[DATA TO EXAMINE — start]

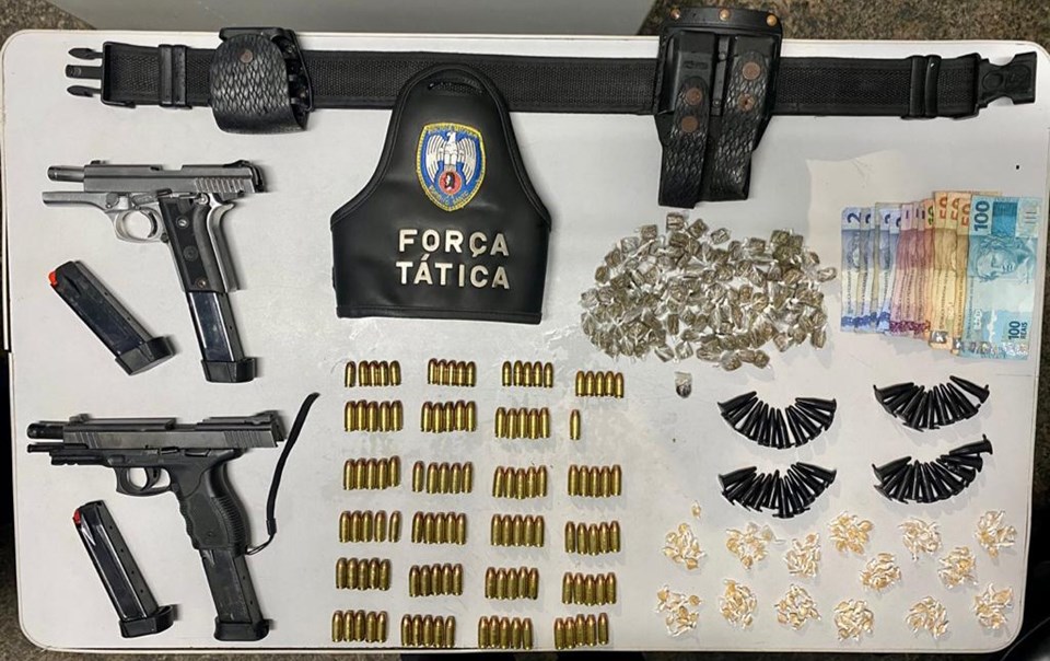 No bairro Itaputera, após abordagem e um veículo envolvido no tráfico que estava aterrorizando os moradores, a equipe de Força Tática apreendeu duas pistolas .40, dois carregadores sobressalentes, 96 munições de .40 , 20 munições de 380, 100 buchas de maconha, 141 pedras de crack, 91 pinos de cocaína, um cinto N.A e R$309,00 em espécie. Dois homens foram detidos na ação.
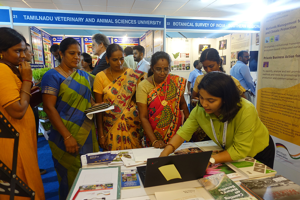 A thematic exhibition was also inaugurated by the Hon’be Vice President, which saw the participation of over 32 different institutions. The exhibition showcased their achievements and work in the field of biodiversity conservation. GIZ had also set up a stall for the event, providing information related to various projects of the Indo-German Biodiversity Programme.
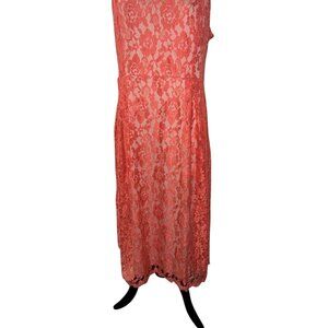 apt 9 Coral Orange Sleeveless Strappy Lace Double Layer Midi Dress Sz XL Womens
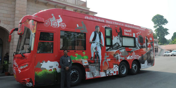 2 crore. The bus is built by a Chandigarh- based company JCBL, which had earlier designed a mine-proof and bullet proof bus for Andra Pradesh Chief Minister Chandrababu Naidu as well as his counterpart K Chandrashekar Rao. The red Mercedes rath has a hydraulic lift that will zip the Chief Minister to the roof to address the crowd. To address the public, a public address system is also included along with the collections of campaigning songs played during the rath yatra.
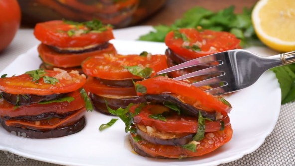 Patlidžan mariniraje u aromatičnoj marinadi, pa posložite u posudu zajedno sa paradajzom. Ovi sitni zalogaji su lagani i odlično rešenje kada su napolju visoke temeprature, a priprema uopšte nije komplikovana. Zbog svog dekorativnog izgleda i fenomenalnog ukusa dobar su izbor kada je svečana trpeza u pitanju.
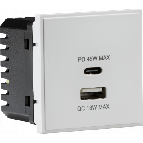 Knightsbridge Dual USB A+C Charger Module (20V DC 2.25A Max. 45W) 50x50mm – White
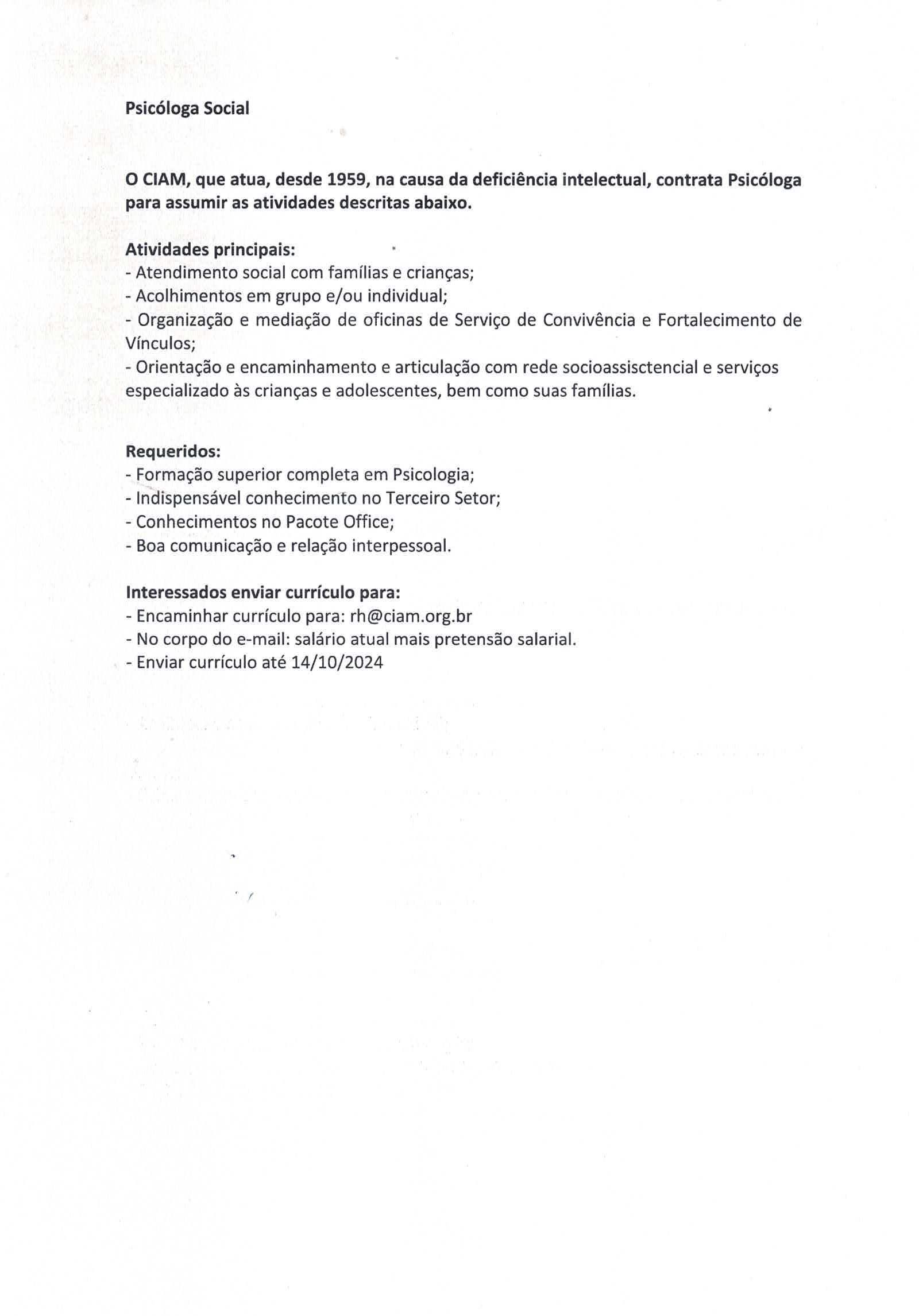 Psicóloga Social O CIAM, que atua, desde 1959, na causa da deficiência intelectual, contrata Psicóloga para assumir as atividades descritas abaixo. Atividades principais: – Atendimento social com
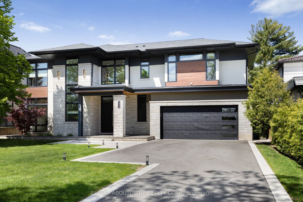 Stunning custom-built modern home designed by David Small located in West Oakville. This 2-storey, 5-bedroom, 5 bathroom residence spans over 4,000 square feet of above grade living space and has approx. $250,000 in recent upgrades. The grand foyer features 20-foot ceilings and large windows that allow natural light to flood the area. The open concept main level offers panoramic views and leads into the living area, also featuring 20-foot ceilings & Lutron Control 4 Lighting system. Sleek designer kitchen is equipped with custom-made Scavolini cabinets, high-end Dacor appliances, a cooktop stove, and a large walk-in pantry. The spacious family room includes a gas fireplace and large sliding glass doors that provide access to the fully fenced private backyard, complete with an inground pool, basketball court, and entertainment area. The 2nd level boasts a stunning primary bedroom with a 5-piece ensuite, double sinks, & walk-in closet. Additionally, there are 3 more generous bedrooms; 2 of which share a 4-piece Jack & Jill bathroom, & another with ensuite privileges as well as a laundry room completing the 2nd level. The fully finished lower level features heated floors, recreation room with gas fireplace, large gym, ample storage space, another bedroom, a 3-piece bathroom, a state-of-the-art theatre room, & a walk-up to the stunning backyard. The backyard has been meticulously landscaped and features a basketball court, fireplace, inground pool, inground sprinkler system, Lutron lighting system, and an entertainment area. Additional amenities include garage car lift, Scavolini closets, two furnaces, two air conditioners, Hunter Douglas motorized blinds, security film on all windows and a paved driveway accommodating up to six cars. Located within walking distance to several top schools, restaurants, Lake Ontario, coffee shops, and minutes from downtown Oakville, the QEW, and Appleby College. Do not miss the opportunity to own this exceptional home.

[DATA TO EXAMINE — finish]

▶ TASK TO CARRY OUT:
Please quote exactly the run of lines that starts the entries and ends at the line containing "apt 9 Coral", leaving out every picture.

▶ TASK RESULT:
 No bairro Itaputera, após abordagem e um veículo envolvido no tráfico que estava aterrorizando os moradores, a equipe de Força Tática apreendeu duas pistolas .40, dois carregadores sobressalentes, 96 munições de .40 , 20 munições de 380, 100 buchas de maconha, 141 pedras de crack, 91 pinos de cocaína, um cinto N.A e R$309,00 em espécie. Dois homens foram detidos na ação.
 A thematic exhibition was also inaugurated by the Hon’be Vice President, which saw the participation of over 32 different institutions. The exhibition showcased their achievements and work in the field of biodiversity conservation. GIZ had also set up a stall for the event, providing information related to various projects of the Indo-German Biodiversity Programme.
 apt 9 Coral Orange Sleeveless Strappy Lace Double Layer Midi Dress Sz XL Womens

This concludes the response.